# Work item
Everything from the line with "2023년 12월 5일" to the line with "Вязанный плед-конверт незаменимая" in the listing below, both lines included, needs to be copied exactly, apart from the pictures.

═════ Information ═════

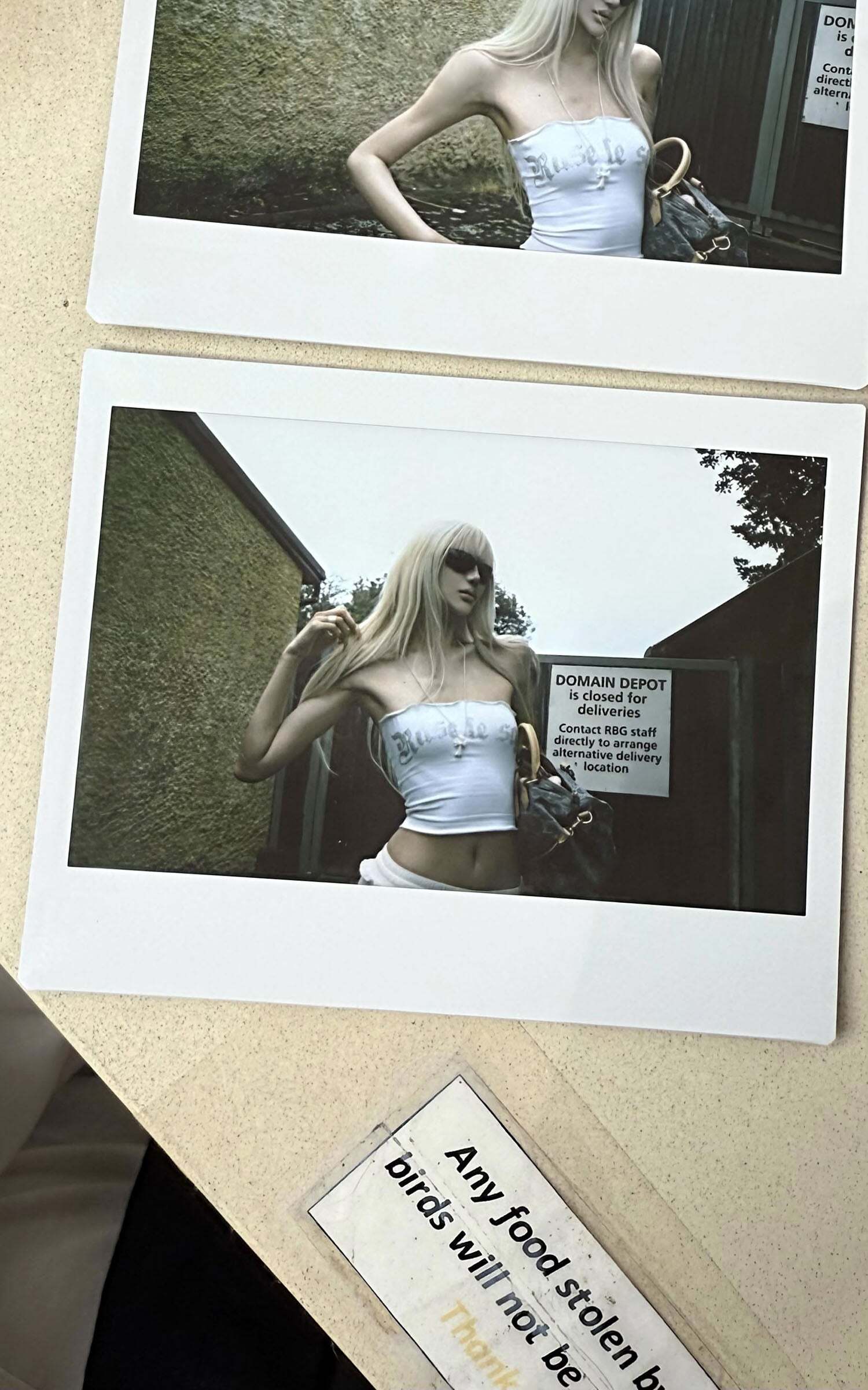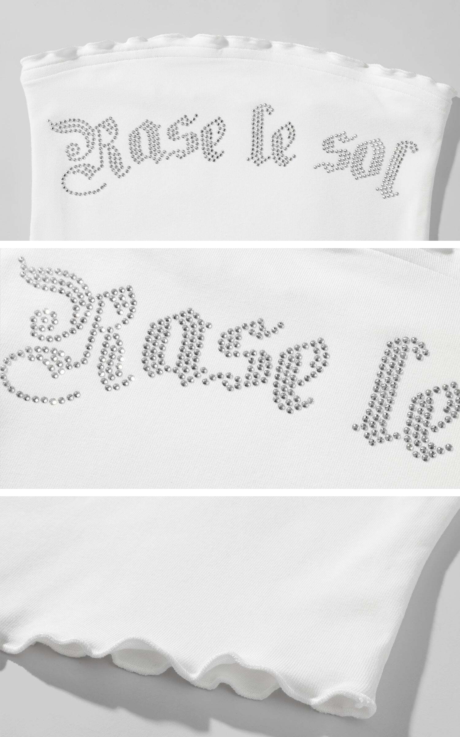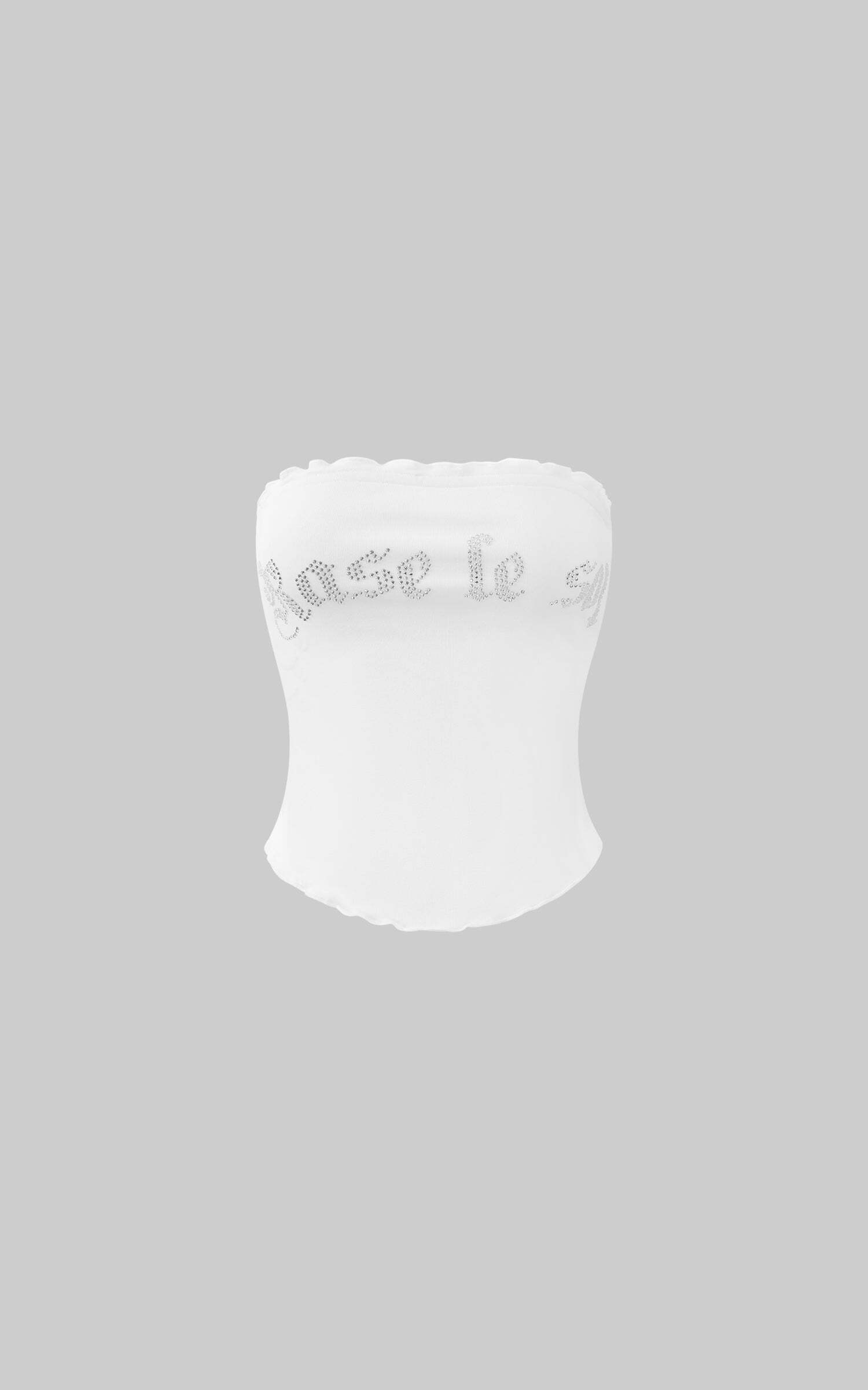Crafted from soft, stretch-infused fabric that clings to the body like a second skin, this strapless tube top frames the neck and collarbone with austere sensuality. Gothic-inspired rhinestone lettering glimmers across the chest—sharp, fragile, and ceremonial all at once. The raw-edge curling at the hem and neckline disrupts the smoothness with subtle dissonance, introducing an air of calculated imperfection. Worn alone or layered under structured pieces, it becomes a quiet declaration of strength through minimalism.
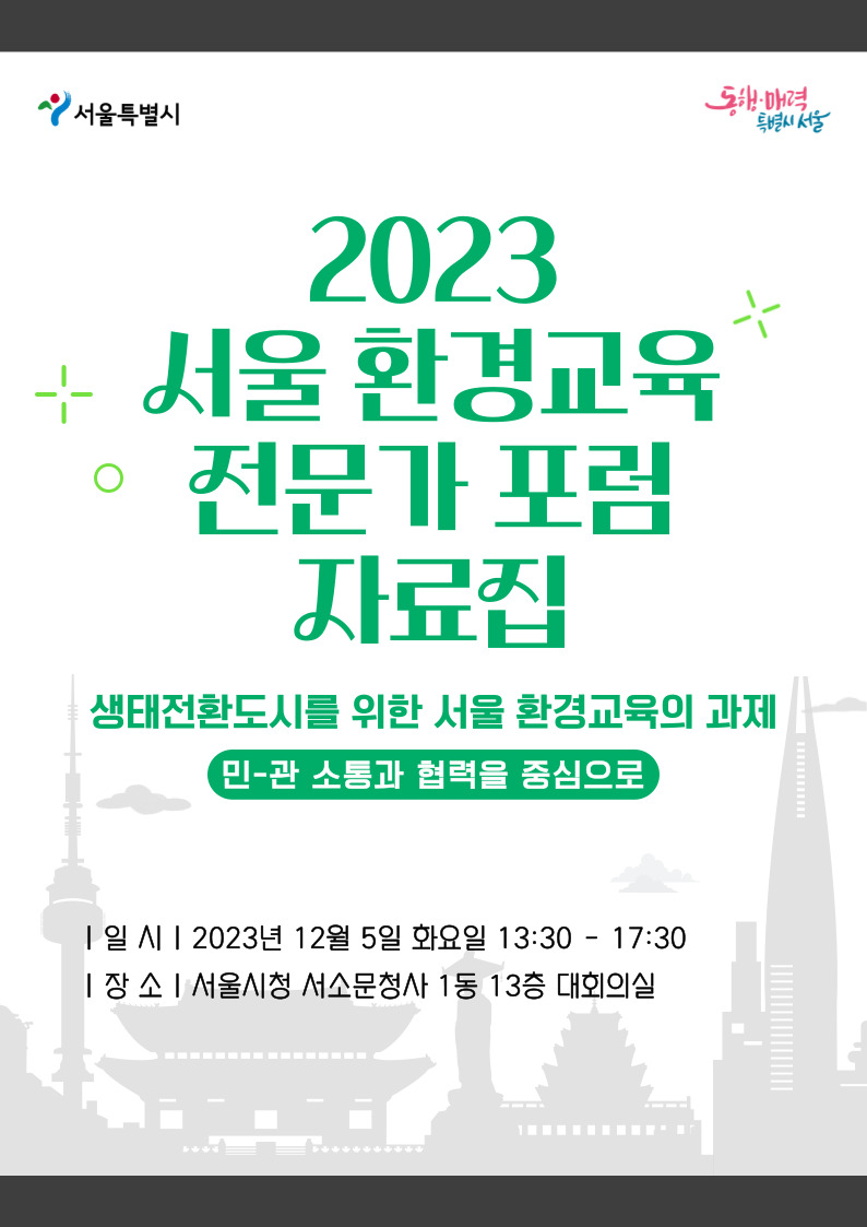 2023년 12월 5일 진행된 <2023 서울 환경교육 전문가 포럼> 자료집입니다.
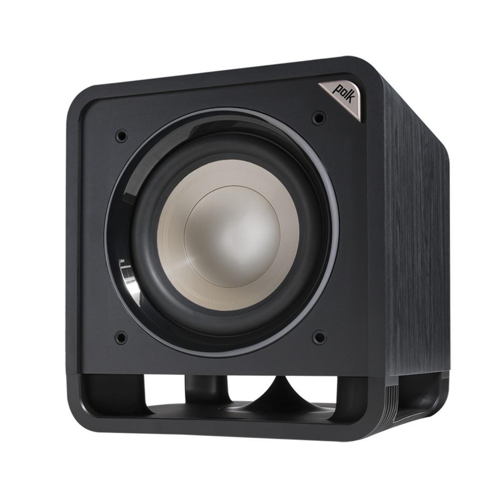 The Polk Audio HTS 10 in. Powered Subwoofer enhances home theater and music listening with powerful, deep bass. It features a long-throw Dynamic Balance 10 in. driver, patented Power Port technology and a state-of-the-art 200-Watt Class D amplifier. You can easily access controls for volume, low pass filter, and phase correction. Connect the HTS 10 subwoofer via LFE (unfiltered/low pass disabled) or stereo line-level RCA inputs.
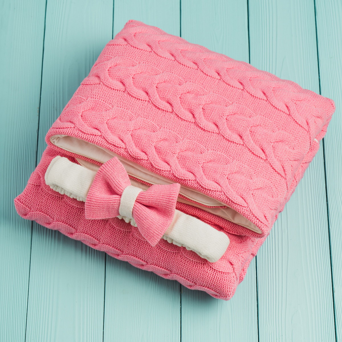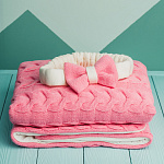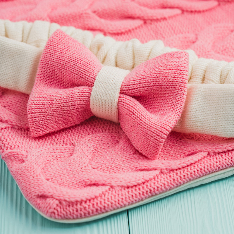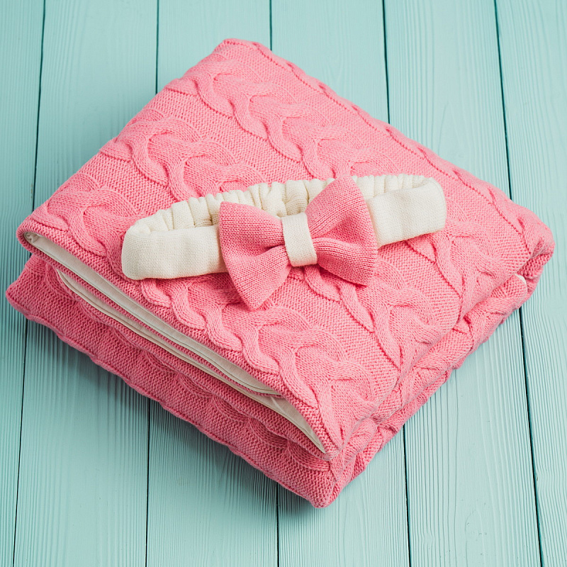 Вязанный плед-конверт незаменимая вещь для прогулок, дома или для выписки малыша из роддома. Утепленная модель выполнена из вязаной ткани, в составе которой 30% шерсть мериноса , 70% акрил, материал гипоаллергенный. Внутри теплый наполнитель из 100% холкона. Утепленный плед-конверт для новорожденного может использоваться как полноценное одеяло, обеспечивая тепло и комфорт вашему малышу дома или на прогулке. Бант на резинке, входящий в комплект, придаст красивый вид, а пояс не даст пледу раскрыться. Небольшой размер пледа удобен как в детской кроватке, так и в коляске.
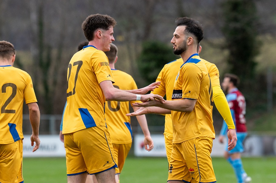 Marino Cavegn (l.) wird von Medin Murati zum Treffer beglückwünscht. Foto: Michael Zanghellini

═════

# Expected answer
 2023년 12월 5일 진행된 <2023 서울 환경교육 전문가 포럼> 자료집입니다.
 The Polk Audio HTS 10 in. Powered Subwoofer enhances home theater and music listening with powerful, deep bass. It features a long-throw Dynamic Balance 10 in. driver, patented Power Port technology and a state-of-the-art 200-Watt Class D amplifier. You can easily access controls for volume, low pass filter, and phase correction. Connect the HTS 10 subwoofer via LFE (unfiltered/low pass disabled) or stereo line-level RCA inputs.
 Вязанный плед-конверт незаменимая вещь для прогулок, дома или для выписки малыша из роддома. Утепленная модель выполнена из вязаной ткани, в составе которой 30% шерсть мериноса , 70% акрил, материал гипоаллергенный. Внутри теплый наполнитель из 100% холкона. Утепленный плед-конверт для новорожденного может использоваться как полноценное одеяло, обеспечивая тепло и комфорт вашему малышу дома или на прогулке. Бант на резинке, входящий в комплект, придаст красивый вид, а пояс не даст пледу раскрыться. Небольшой размер пледа удобен как в детской кроватке, так и в коляске.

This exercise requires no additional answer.